Experimental Inoculation of Aggregatibacter actinomycetemcomitans and Streptococcus gordonii and Its Impact on Alveolar Bone Loss and Oral and Gut Microbiomes

Round 1

Reviewer 1 Report

Comments and Suggestions for Authors

The manuscript described the impact of oral inoculation of Aa, Sg and their association (Aa+Sg) on alveolar bone loss, oral microbiome and their potential effect on intestinal health in murine model.
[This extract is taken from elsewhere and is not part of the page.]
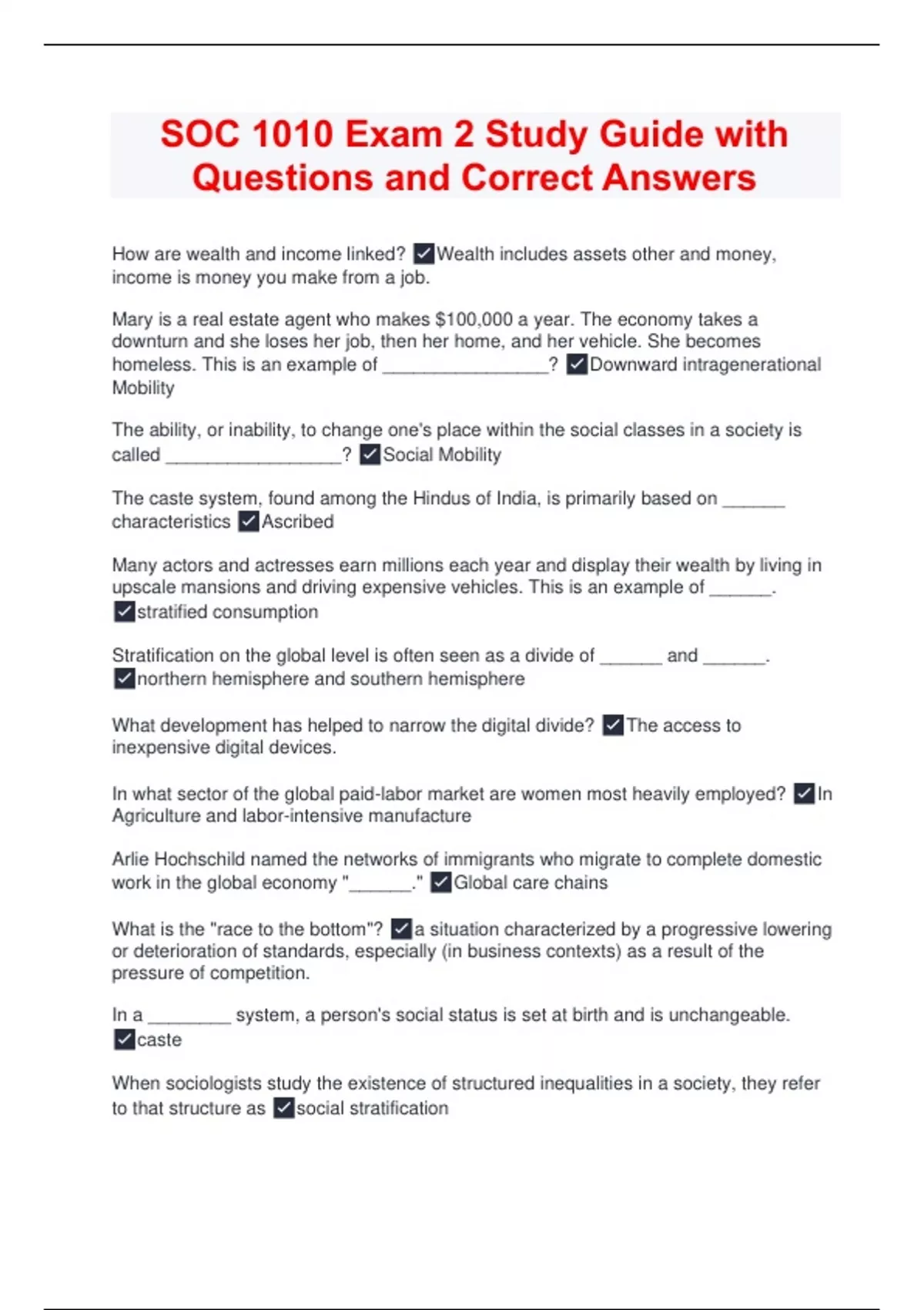 SOC 1010 Exam 2 Study Guide with Questions and Correct Answers

The study designed and methods described found to be appropriate. The figures are self explanatory and very well documented. However I would like to make some suggestions

The title needs a correction. One suggestion is

Experimental inoculation of Aggregatibacter actinomycetemcomitans and Streptococcus gordonii and its impact on alveolar bone loss and oral and gut microbiomes;

Introduction: Line 62-64  'Aa's virulence is primarily......          The sentence is not clear. Please rephrase the sentence

Line 80.. typo 'thar'

Please provide the conclusive statement on the effect of inoculation of Aa and Sg on the alveolar bone loss.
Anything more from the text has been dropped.